:: DATA TO EXAMINE ::
Start of Block

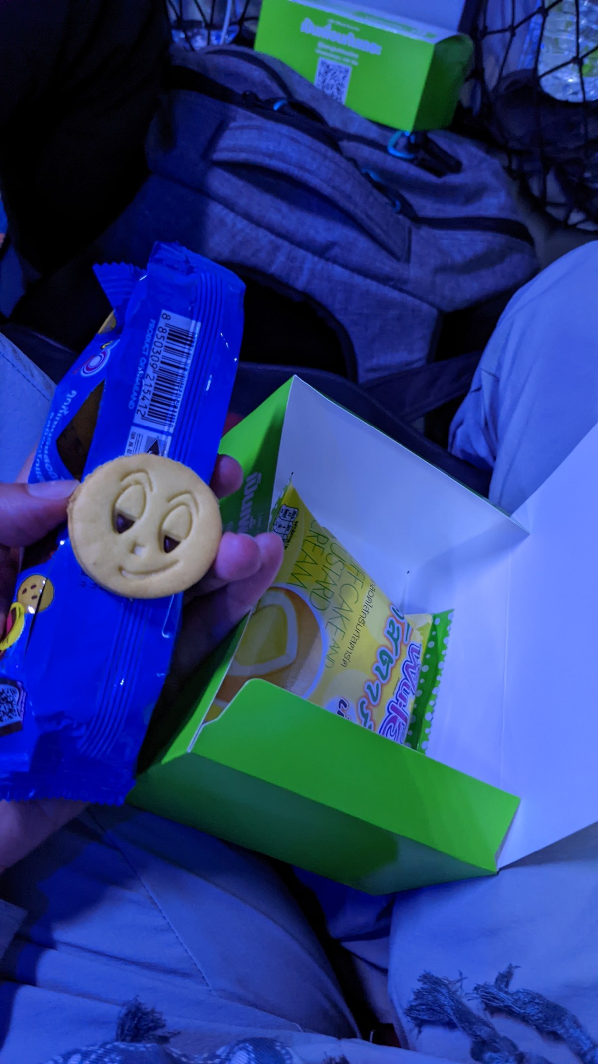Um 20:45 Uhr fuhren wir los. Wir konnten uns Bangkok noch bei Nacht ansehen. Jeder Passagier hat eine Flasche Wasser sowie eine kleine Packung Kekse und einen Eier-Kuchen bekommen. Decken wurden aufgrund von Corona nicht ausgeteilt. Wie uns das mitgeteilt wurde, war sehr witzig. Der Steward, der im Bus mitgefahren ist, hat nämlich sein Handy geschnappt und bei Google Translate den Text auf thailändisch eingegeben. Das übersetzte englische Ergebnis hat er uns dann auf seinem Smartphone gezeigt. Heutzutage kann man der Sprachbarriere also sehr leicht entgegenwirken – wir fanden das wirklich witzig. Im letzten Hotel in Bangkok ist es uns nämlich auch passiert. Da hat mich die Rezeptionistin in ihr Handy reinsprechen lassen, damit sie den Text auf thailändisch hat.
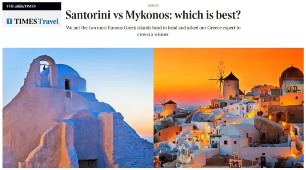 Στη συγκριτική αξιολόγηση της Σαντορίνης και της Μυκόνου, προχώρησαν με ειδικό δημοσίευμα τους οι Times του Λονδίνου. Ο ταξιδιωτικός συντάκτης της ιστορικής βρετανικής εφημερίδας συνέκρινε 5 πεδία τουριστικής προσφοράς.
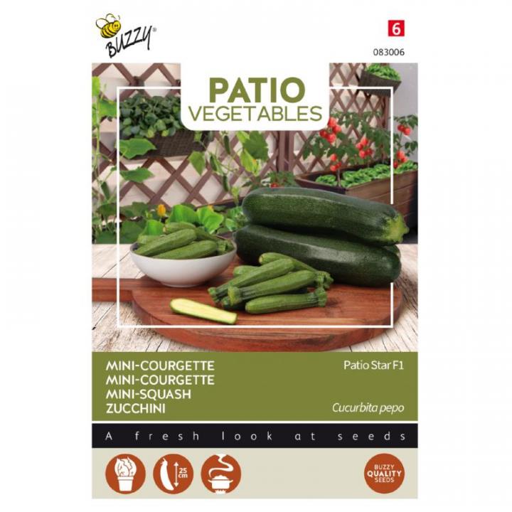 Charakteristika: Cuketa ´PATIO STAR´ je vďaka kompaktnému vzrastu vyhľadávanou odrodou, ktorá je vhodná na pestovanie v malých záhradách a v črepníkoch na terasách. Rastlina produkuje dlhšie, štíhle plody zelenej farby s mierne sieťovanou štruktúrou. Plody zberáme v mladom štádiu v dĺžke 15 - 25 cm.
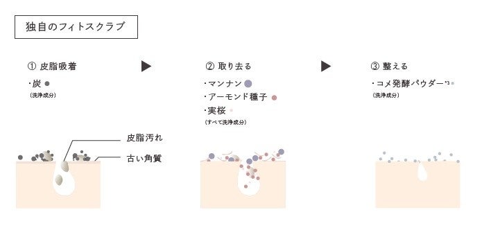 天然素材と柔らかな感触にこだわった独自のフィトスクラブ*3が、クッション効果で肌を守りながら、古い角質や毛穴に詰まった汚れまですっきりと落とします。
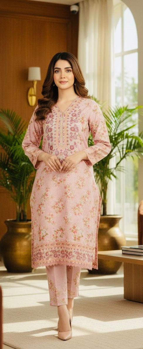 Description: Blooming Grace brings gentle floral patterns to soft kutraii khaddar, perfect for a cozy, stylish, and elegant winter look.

End of Block
Start of Block

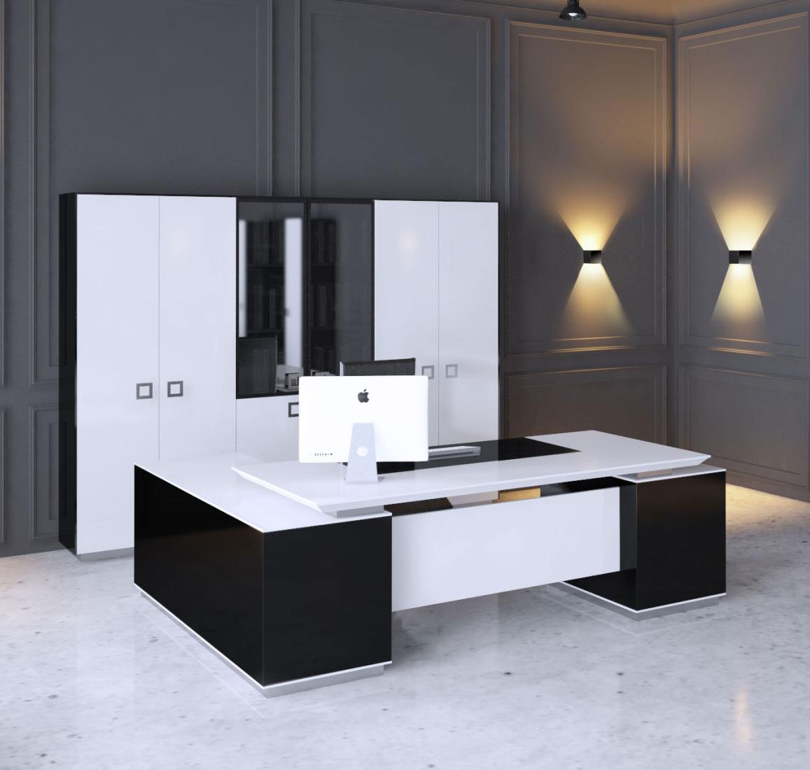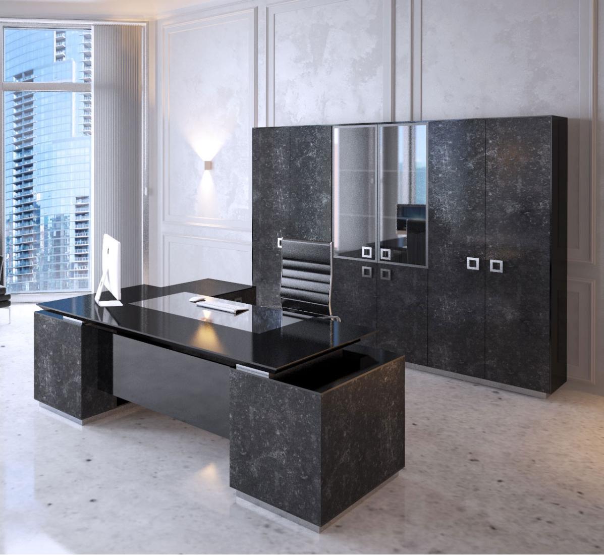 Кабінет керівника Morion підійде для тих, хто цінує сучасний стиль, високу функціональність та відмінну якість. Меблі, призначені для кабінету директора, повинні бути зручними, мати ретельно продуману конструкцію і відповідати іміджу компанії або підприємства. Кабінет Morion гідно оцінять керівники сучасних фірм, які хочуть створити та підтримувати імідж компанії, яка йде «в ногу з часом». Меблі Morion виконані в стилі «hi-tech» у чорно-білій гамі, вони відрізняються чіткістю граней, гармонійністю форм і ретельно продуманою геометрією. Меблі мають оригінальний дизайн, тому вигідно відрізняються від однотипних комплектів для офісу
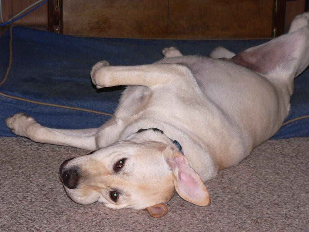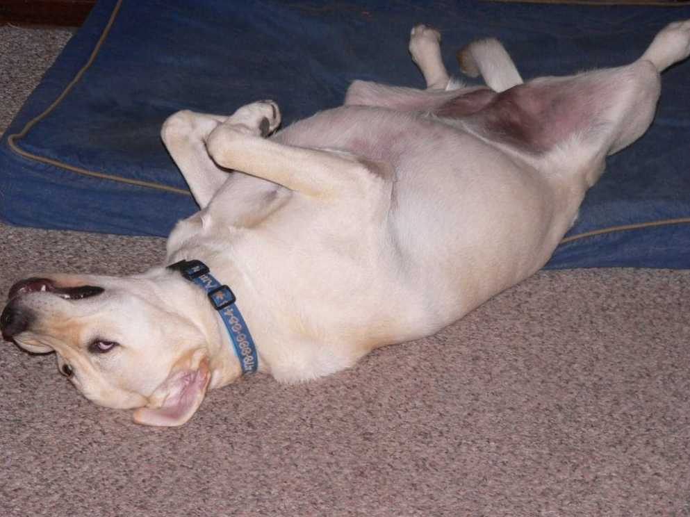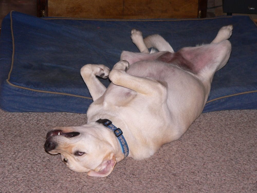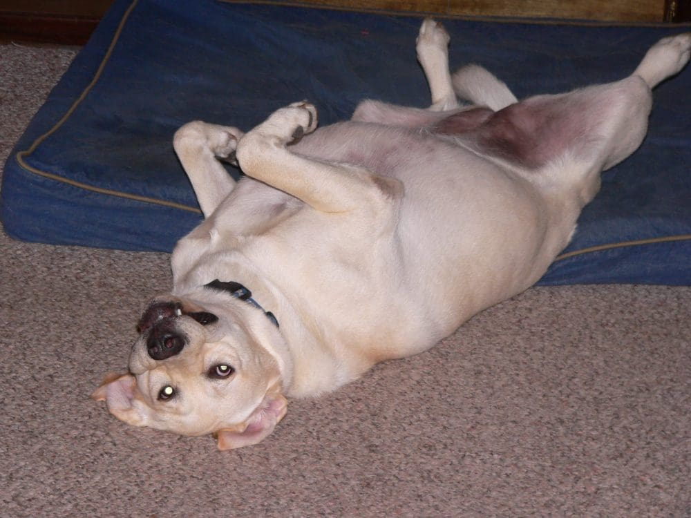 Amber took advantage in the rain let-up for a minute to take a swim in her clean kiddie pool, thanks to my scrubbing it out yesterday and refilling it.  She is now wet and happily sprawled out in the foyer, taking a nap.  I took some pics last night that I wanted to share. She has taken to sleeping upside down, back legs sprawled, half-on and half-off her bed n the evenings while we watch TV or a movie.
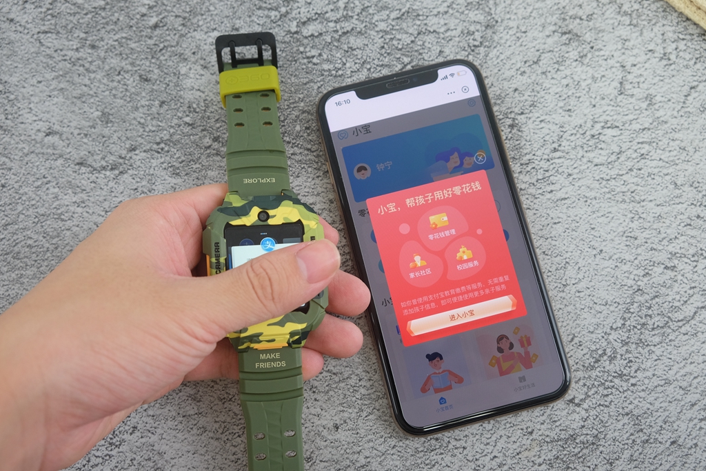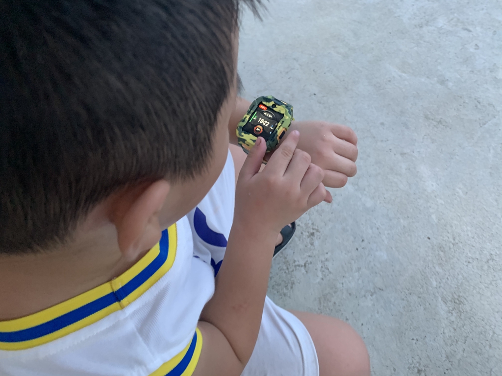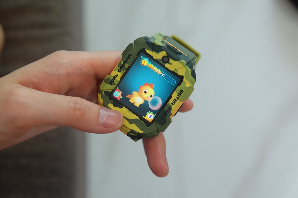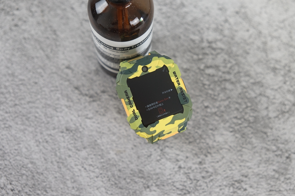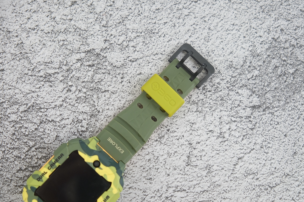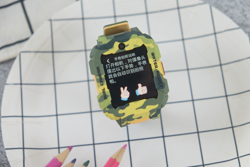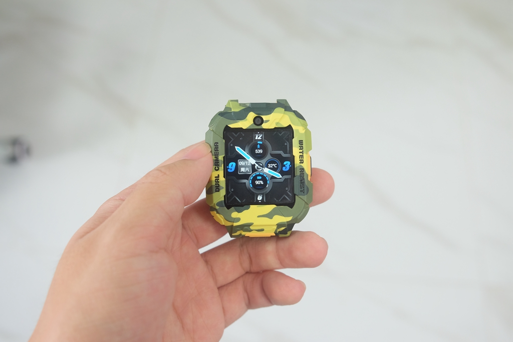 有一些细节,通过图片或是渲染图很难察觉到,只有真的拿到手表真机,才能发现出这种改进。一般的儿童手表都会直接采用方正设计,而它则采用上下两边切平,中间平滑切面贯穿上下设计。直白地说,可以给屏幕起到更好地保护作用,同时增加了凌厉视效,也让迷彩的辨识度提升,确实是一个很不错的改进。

End of Block

:: WHAT YOU NEED TO DO ::
Using the records above, print exactly the lines between the ones containing "天然素材と柔らかな感触にこだ" and "Description: Blooming Grace", inclusive, and nothing else; no pictures.

:: OUTPUT BELOW ::
 天然素材と柔らかな感触にこだわった独自のフィトスクラブ*3が、クッション効果で肌を守りながら、古い角質や毛穴に詰まった汚れまですっきりと落とします。
 Description: Blooming Grace brings gentle floral patterns to soft kutraii khaddar, perfect for a cozy, stylish, and elegant winter look.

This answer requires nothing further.